===== Given data =====

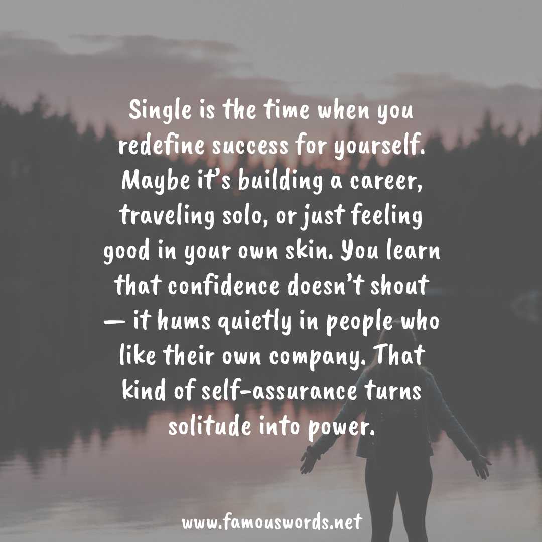 Today’s saying of the day is: “Single is the time when you redefine success for yourself. Maybe it’s building a career, traveling solo, or just feeling good in your own skin. You learn that confidence doesn’t shout — it hums quietly in people who like their own company. That kind of self-assurance turns solitude into power.”
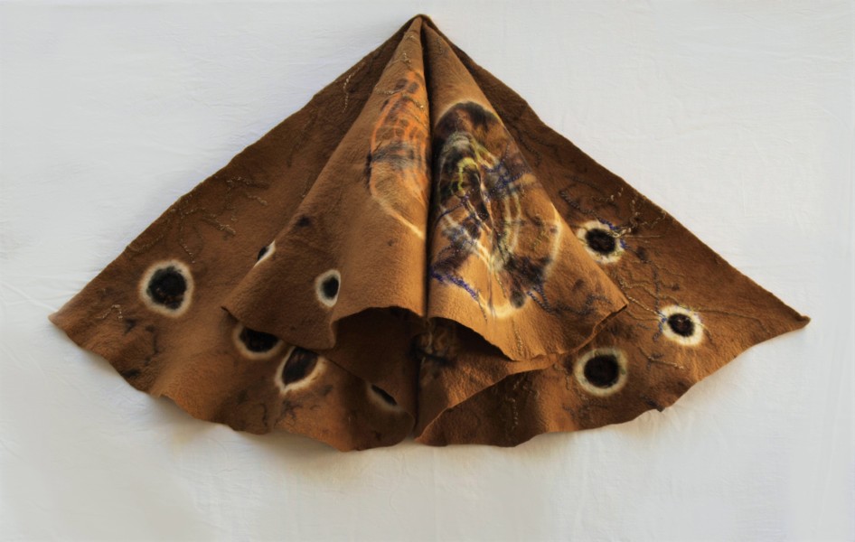 This handmade felt is a simple circular shape that surprised me when I hung it on a white wall to photograph. The piece transformed into the intrinsic notion of a moth. The textures and colours are reminiscent of the beautiful surface marks made by the scribbly gum moth on its host tree. Only a quarter of moths in the natural world have been named. It’s an unseen world and we need to respect its diversity.
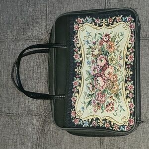 Vintage Bible Cover With Handles Black Floral Print Embroidered Tapestry Zip
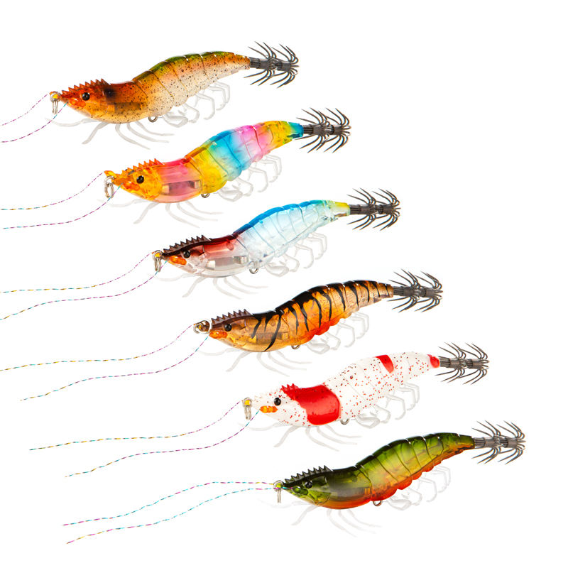 Wholesale 10g 15g 8cm Slow Sinking Saltwater ABS Luminous Wood Shrimp Artificial Squid Jig Lures, Quality Squid Jigs
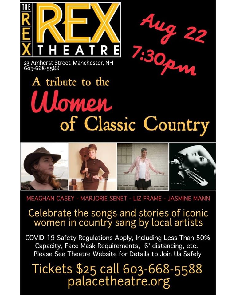 Jasmine Mann, Marjorie Senet, Meaghan Casey and the revered Liz Frame, leading boss of the legendary Kickers, all will take the stage simultaneously this Saturday night at the Rex Theatre at 7:30 p.m. Each will trade stories and songs back and forth and talk about the influence “classic country” music has had on their lives and careers. It’ll be like a big living room show, safely nuzzled into a nest of cautious confinement in downtown Manchester.
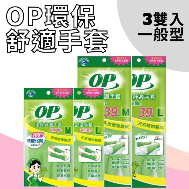 OP環保舒適手套 3雙入 洗碗手套(S M L 家事手套 耐用強化 天然手套)
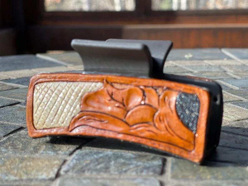 Style:Hair clip from tooling leather
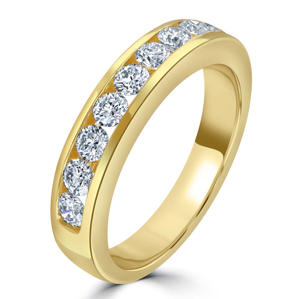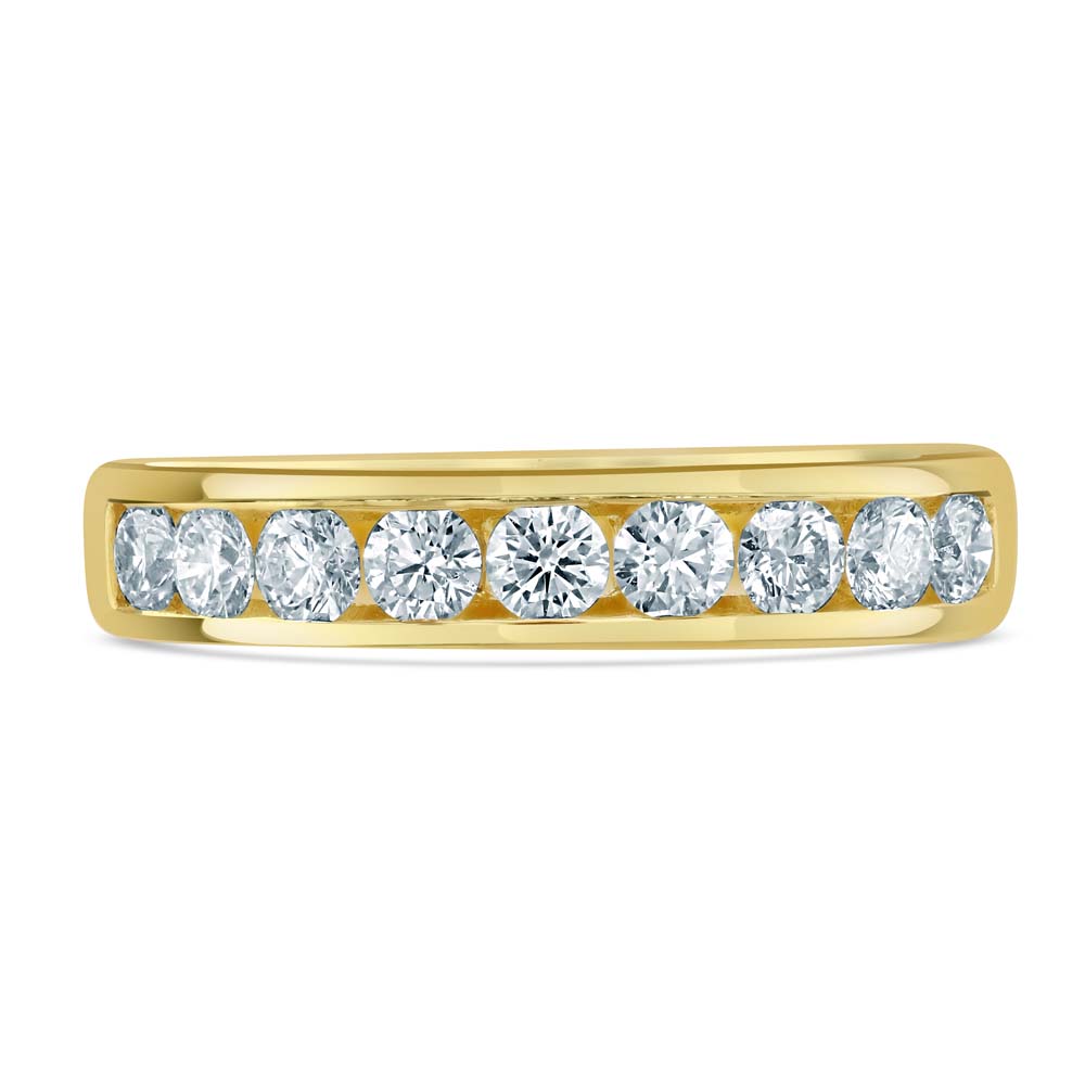 Introducing our elegant 18ct yellow gold eternity ring, a symbol of everlasting love and timeless style. This luxurious ring is channel set with nine round brilliant cut diamonds, collectively weighing 0.78 carats, ensuring a seamless expanse of sparkle and fire. The sleek channel setting not only protects each gem but also provides a smooth, refined finish that complements the rich warmth of the yellow gold. Perfect as an anniversary gift, a wedding band, or a sophisticated addition to any jewellery collection, this eternity ring is designed to celebrate lasting commitment with unparalleled grace and brilliance
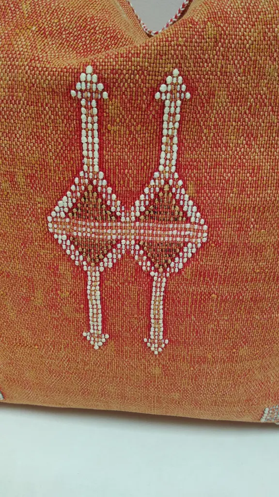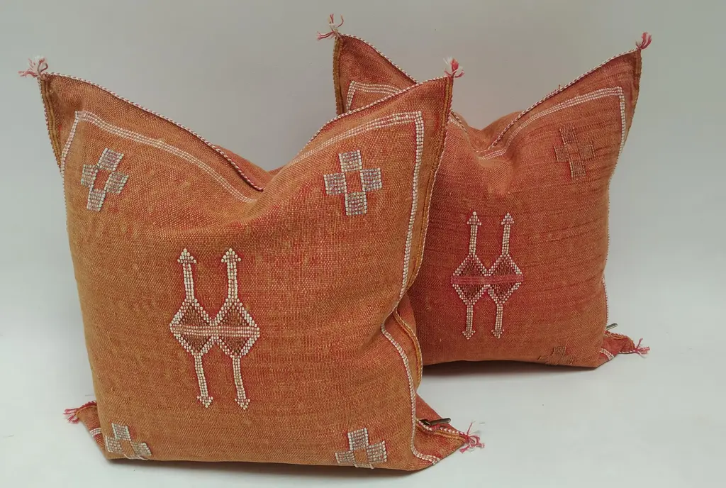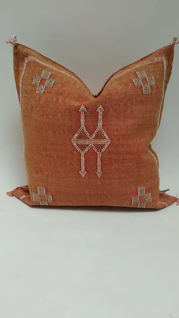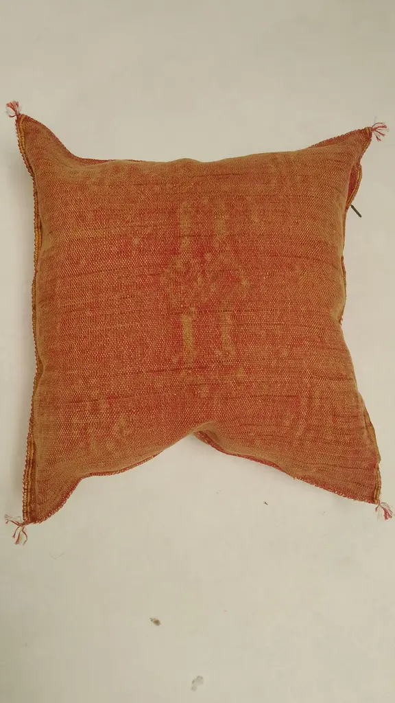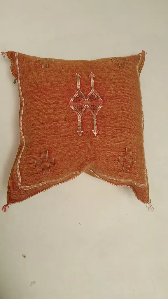The Moroccan Cactus pillow is a masterpiece handcrafted by local Berber artisans. This carefully decorated pillow is a unique piece of art that should be in every home. - Sabra pillow is 100% handmade. - 100% handmade and handwoven. No chemicals were used in the weaving process. - This pillow is Moroccan made, handcrafted from Aloe Vera silk, commonly known as vegetable silk, Sabra silk. - 100% handmade and handwoven. Mixed inscriptions at the front. - Zipper on one side. Washing Instructions: Dry Clean Only, Avoid Contact With Water. Features and Dimensions: * Approx Size: 20in x 20in / 50cm x 50cm (+/- 2 inch due to the handmade nature of the item). Origin: Berber handmade in Morocco. Condition: in excellent condition! Does not include the filler, the product is empty.
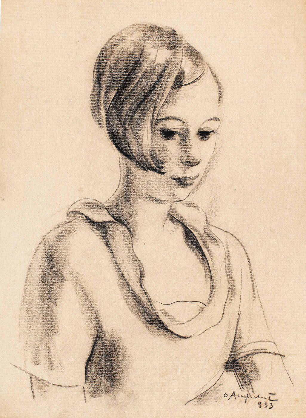 semnat și datat dreapta jos, cu negru, "O. Angheluță, (1)933"

=====

— Exercise directions —
Keep to the stretch from the line containing "OP環保舒適手套 3雙入 洗碗手套(S M L 家事手套 耐用強化 天然手套)" through the line containing "Style:Hair clip from tooling leather", both ends included, and copy it exactly from the listing above, minus the pictures.

— Reply to the exercise —
 OP環保舒適手套 3雙入 洗碗手套(S M L 家事手套 耐用強化 天然手套)
 Style:Hair clip from tooling leather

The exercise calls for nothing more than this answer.